§ Exercise brief:
Print only the lines below from the one with "Сухой сироп ПРЯНЫЙ" to the one with "Shake up the", both included, exactly as they stand. Leave pictures out.

§ Records shown:

*** Block opens ***

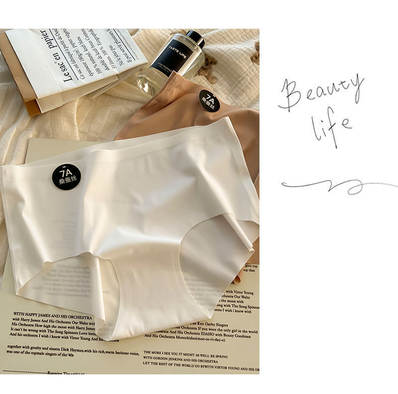 새로운 스타일의 밀크 스킨 심리스 아이스 실크 퓨어 코튼 가랑이 7A 항균 여성용 가랑이 보이지 않는 팬티 중간 허리 속옷
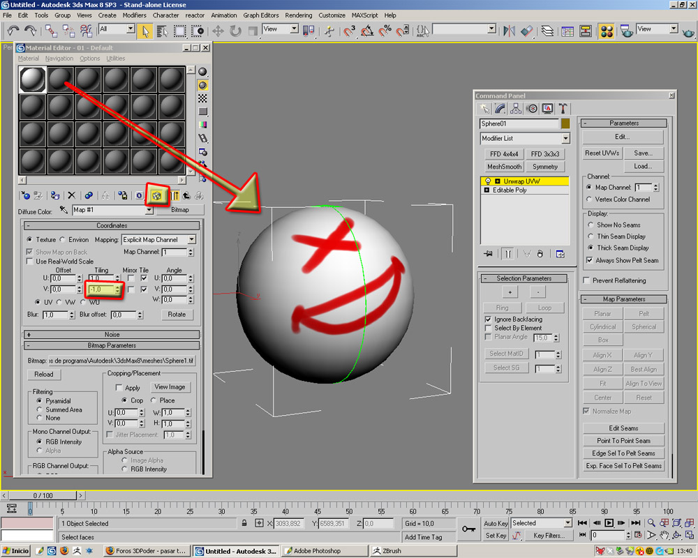 Gracias -YeraY- Otra vez por la solución. Seguí los pasos como explicaste, con la esfera y todo salió correctamente. Ya me estaba frotando las manos, ahora me quedaba aprender a usar el Unwrap y ya podría texturizar con ZBrush, pero, tengo que ser un negado para esto del tresde porque lo difícil lo complico la ostia.
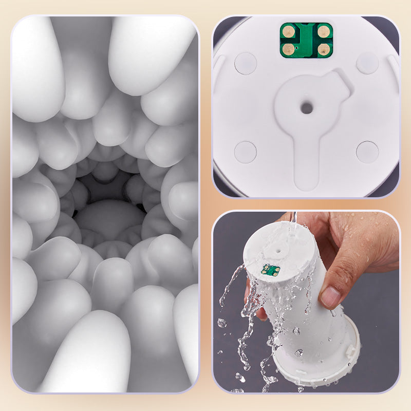 - La funda interior cuenta con un diseño de masaje 3D con una estructura granulada. Esta estimula continuamente cada parte de la piel y proporciona una sensación incomparable de confort y fricción. Cada movimiento de expansión y contracción, así como el modo de vibración, se complementan perfectamente, revitalizando cada detalle y garantizando el máximo confort y satisfacción.
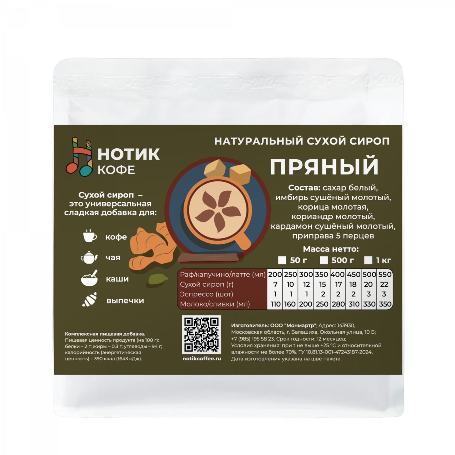 Сухой сироп ПРЯНЫЙ для приготовления напитков и добавления в выпечку и десерты.
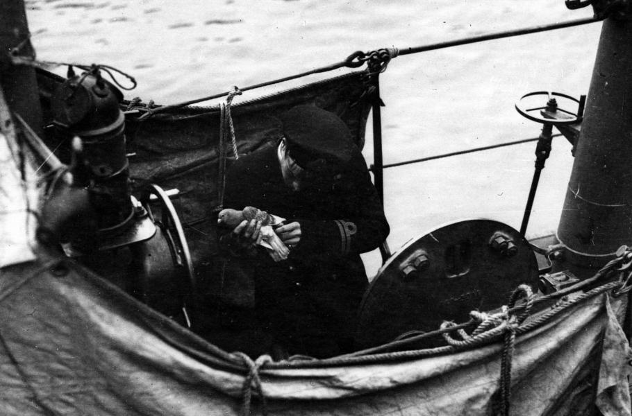Britský důstojník námořnictva připevňuje zprávu na nohu poštovního holuba. (foto: Alamy Stock Photo)
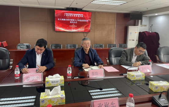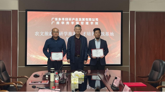 广州太阳成集团tyc122cc入口管理学院与广东乡丰绿翠产业发展有限公司于11月15日在行政楼513举行农文旅融合研学旅游人才培养实践基地签约仪式。出席人员主要有:广东乡丰绿翠产业发展有限公司园区执行总经理张彬先先生、园区研学基地总监董晓明先生、园区营销经理邱雯女士;管理学院副院长秦陇一教授、市场学系旅游管理专业负责人秦学教授、旅游管理专业教师杜伟副教授、院长助理袁仕海副教授、院长助理廖珍杰副教授、产教融合专员曾惠玲老师、市场学系副主任罗嘉欣老师。签约仪式由市场学系主任张丽娟副教授主持。
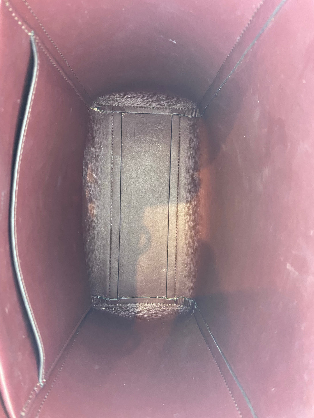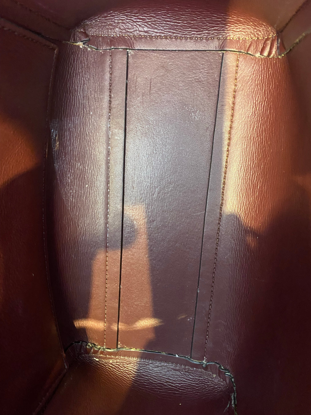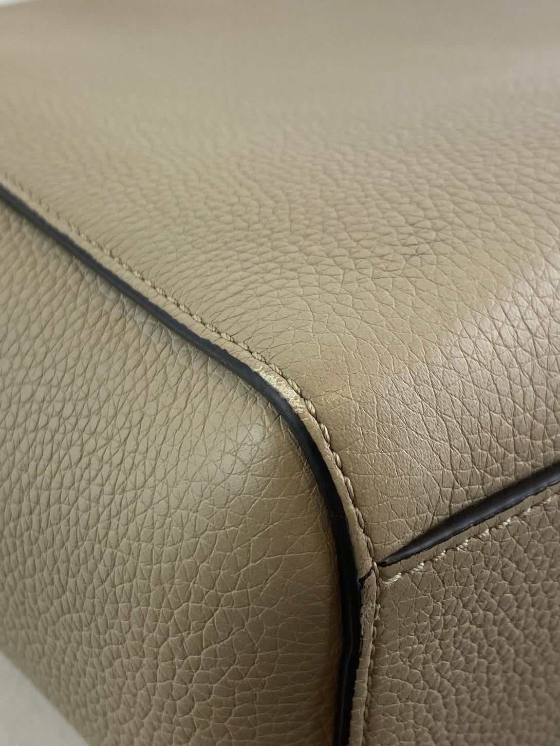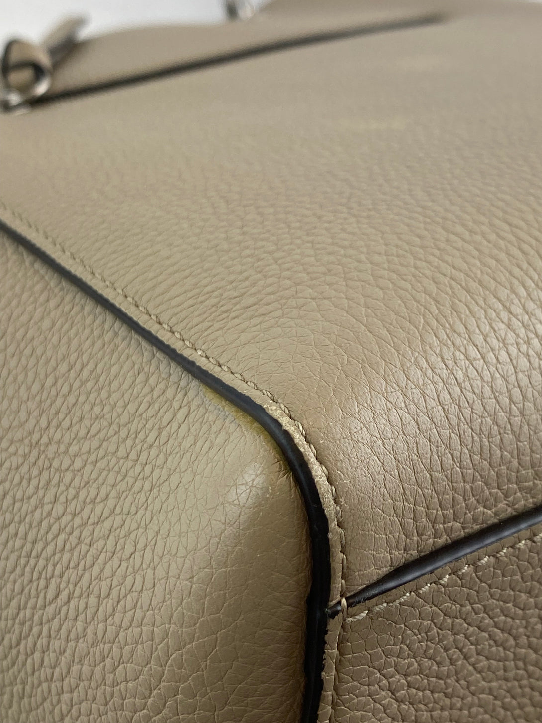 Good: Items show more prominent wear such as noticeable discoloration, stains and snags to fabric. May have worn corners and handles, tarnishing to hardware and creasing to leather. Pen or make up marks may be visible in the interior of the bag.
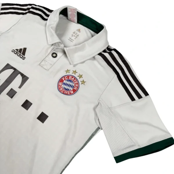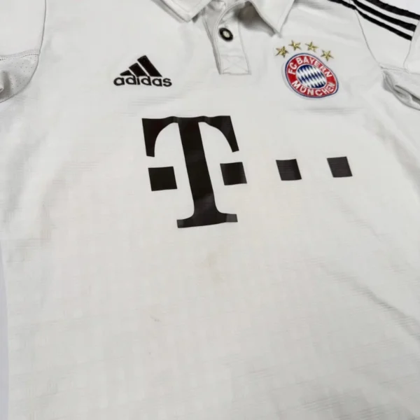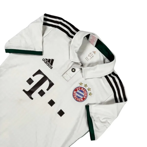 Note IFS : 9/10 – Excellente condition pour ce rare maillot vintage du Bayern Munich, juste quelques très discrètes traces sur la face avant (voir photos). Un maillot extérieur qu’on ne croise pas souvent, à vrai dire. Le détail sur les bandes Adidas au niveau des épaules est juste dingue.
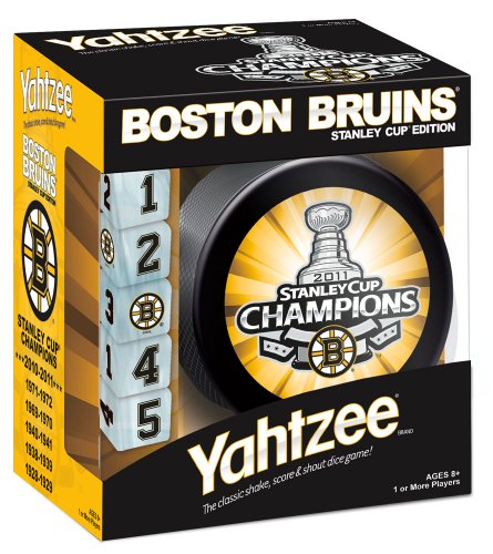 Shake up the classic Yahtzee dice game with some NHL flair This collectible team-themed set features a puck-shaped dice cup score pad and custom dice all featuring your teams logo Includes collectible Bruins dice cup with lid 5 custom dice Recommended for ages 8 and for 1 players Read More..
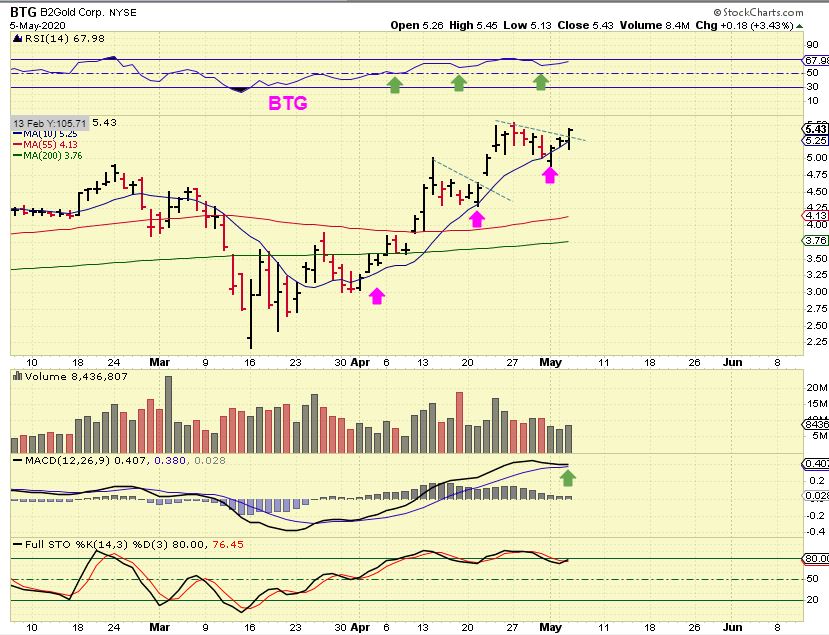 BTG was bullishly breaking higher Tuesday. They released earnings after the bell and were up another 15 cents & mentioned an increase in their dividend. You will find their earnings below this chart
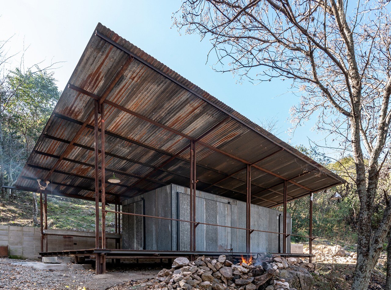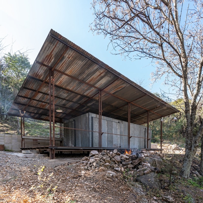 The project consists of three main elements: a raised platform, which resolves the slope of the ground and protects the shelter from the humidity of the soil; a simple prism characterised by a metal skin and sliding openings, which allow the volume to close completely; a large roof, also made of metal, supported by the structure of innocent pipes and covering the entire living area, both inside and outside.
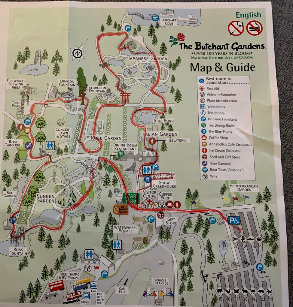 Map of the route we tookRyuu-chan and Dragon-kun posing in front of the Butchart Gardens sign
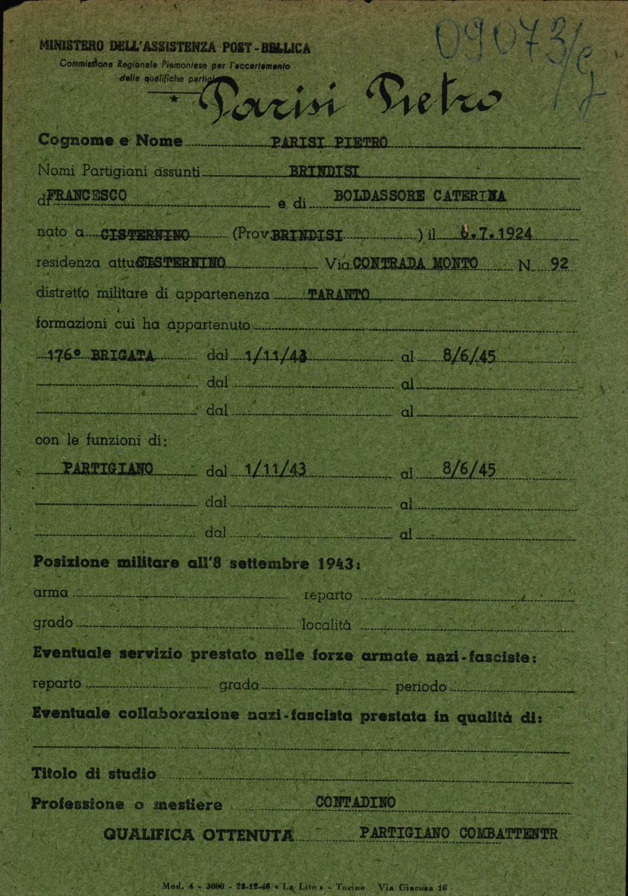 Pietro Parisi aveva militato nella 176ª Brigata Garibaldi dal 1° novembre 1943 al 7 giugno 1945 in Valle d’Aosta rendendosi protagonista, con altri partigiani, di azioni coraggiose ed eroiche contro i nazisti e contro i fascisti, mettendo a serio rischio la vita. Il suo impegno per la Memoria è stato costante. Le sue ceneri sono state sparse, per suo volere, a Issogne, in Valle d’Aosta, in quei boschi e in quelle terre che lo hanno visto combattere da Partigiano.

*** Block closes ***

§ Reply to the task:
 Сухой сироп ПРЯНЫЙ для приготовления напитков и добавления в выпечку и десерты.
Britský důstojník námořnictva připevňuje zprávu na nohu poštovního holuba. (foto: Alamy Stock Photo)
 广州太阳成集团tyc122cc入口管理学院与广东乡丰绿翠产业发展有限公司于11月15日在行政楼513举行农文旅融合研学旅游人才培养实践基地签约仪式。出席人员主要有:广东乡丰绿翠产业发展有限公司园区执行总经理张彬先先生、园区研学基地总监董晓明先生、园区营销经理邱雯女士;管理学院副院长秦陇一教授、市场学系旅游管理专业负责人秦学教授、旅游管理专业教师杜伟副教授、院长助理袁仕海副教授、院长助理廖珍杰副教授、产教融合专员曾惠玲老师、市场学系副主任罗嘉欣老师。签约仪式由市场学系主任张丽娟副教授主持。
 Good: Items show more prominent wear such as noticeable discoloration, stains and snags to fabric. May have worn corners and handles, tarnishing to hardware and creasing to leather. Pen or make up marks may be visible in the interior of the bag.
 Note IFS : 9/10 – Excellente condition pour ce rare maillot vintage du Bayern Munich, juste quelques très discrètes traces sur la face avant (voir photos). Un maillot extérieur qu’on ne croise pas souvent, à vrai dire. Le détail sur les bandes Adidas au niveau des épaules est juste dingue.
 Shake up the classic Yahtzee dice game with some NHL flair This collectible team-themed set features a puck-shaped dice cup score pad and custom dice all featuring your teams logo Includes collectible Bruins dice cup with lid 5 custom dice Recommended for ages 8 and for 1 players Read More..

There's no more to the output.